Now back to the little bit of science we started.
The mass slump was caused by CH4 being released, which caused a tsunami in Norway. The tsunami was caused by the slide which was caused by the methane, we're splitting hairs.
The work in Geology from 7 years ago as applied in our present day scenario, raises the question will the oil field dome collapse from a rapid and accelerating release of CH4 as a result of the mechanism described in the article. There is nothing wrong with the article, it is a matter of scientific debate as to whether the conditions in the Gulf could precipitate into an event you warriors consider scientific porn. This is the debate we should be having, and if we don't have the technical expertise at least be listening to and trying to understand why it can not happen this way. Then judge.
Now the reports from BP, as to what happened to the well, was a methane bubble.
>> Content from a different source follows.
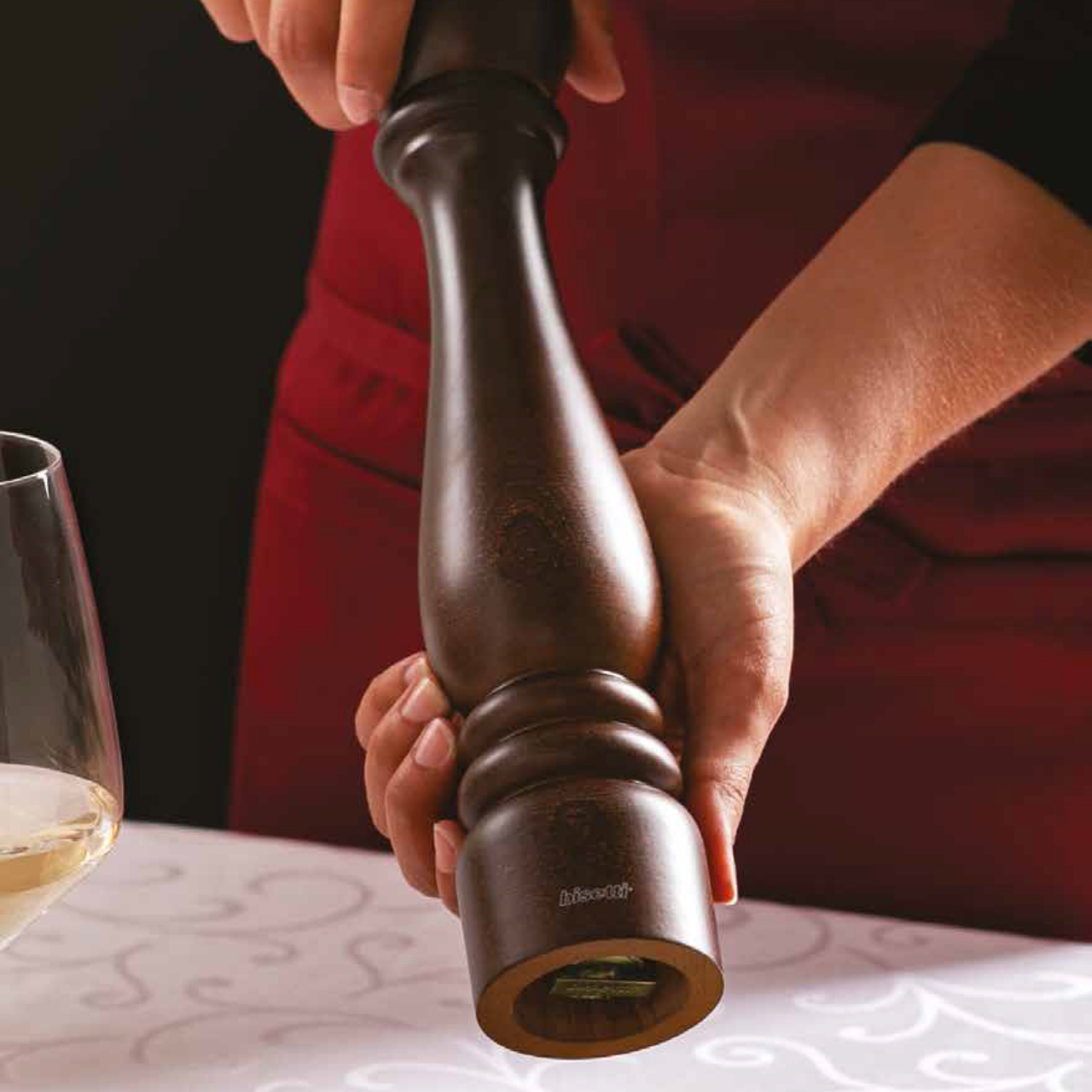 Met veel precisie maalt zij peper. Het hout is van zeer goede kwaliteit, want het komt uit Europa.

So there is gaseous CH4 in large enough quantities to destroy the well head and BOP. It is a matter of opinion whether you call it a small bubble or I call it it a large bubble, let's not "split hairs" again, it was big enough to cause this event. Now the scientific jury is not out as to how large the methane bubble under the oil field dome in the Gulf is, that will be the stuff of future scientific debate and research, examined in the conference forums around the world, and in peer the reviewed journals. We should examine for our own and on our own all journal articles from years past which describe the mechanisms, which through natural causes, can create a chasm or slides, those which release stored gases in moments or years. Resulting in voids collapsing to create a tsunami of massive proportions.
I have laid out no hypothesis of my own, only defended the works I have read for myself and understood. Those of whom the "warrior" class of this forum didn't even spend the effort to investigate, before deciding the work is scientific porn, I have far too much respect for the scientific work of the science community to be so brass.
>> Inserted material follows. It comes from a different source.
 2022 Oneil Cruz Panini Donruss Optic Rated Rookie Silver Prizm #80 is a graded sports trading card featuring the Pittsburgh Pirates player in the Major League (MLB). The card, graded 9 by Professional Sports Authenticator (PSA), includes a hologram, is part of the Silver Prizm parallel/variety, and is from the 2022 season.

The questions are: can drilling into the dome under gulf of Mexico at its present depth and pressures create the conditions (saturation levels) for the event described in the articles, which we know can occur elsewhere in nature. Is the fracture growing, and is the escaping methane and oil blasting away enough rock and debris as to precipitate this?
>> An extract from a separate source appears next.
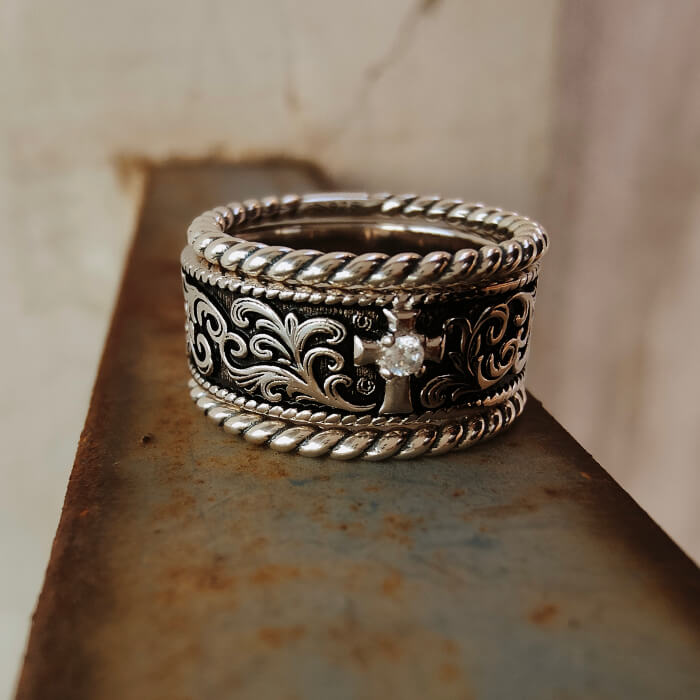 Designed as a Western wedding ring set, anniversary piece, or everyday statement stack, this three-piece design is perfect for those who appreciate western rings, engraved details, and meaningful layered jewelry.

I don't think working scientists of America, are shying away from being warriors they are just not into being part of a discourse that is so quick to disregard legitimate science before examining the claims, less they expose themselves to over simplifying matters, and being personally attacked for trying to have a serious scientific conversation. Not talking about whether there is a conspiracy theory driving this whole thing, not how underground methane can ignite in the absence of oxygen, not what the speed of a super sonic tsunami is, not banter about meds, not why huffingtons post is bad, not all this stuff; that has either very little to do with the original scientific work or none what's so ever. But to call oneself a member of of a warrior class sounds much more honorable. To me it just sounds like being a member of another uninformed group. A group not that into "science porn" as was stated earlier. I hope my statements don't fall completely on deaf ears. Thank you for reading my thoughts on this.
And yes I am totally guilty of being gingerly immature at times, this being a glaring example.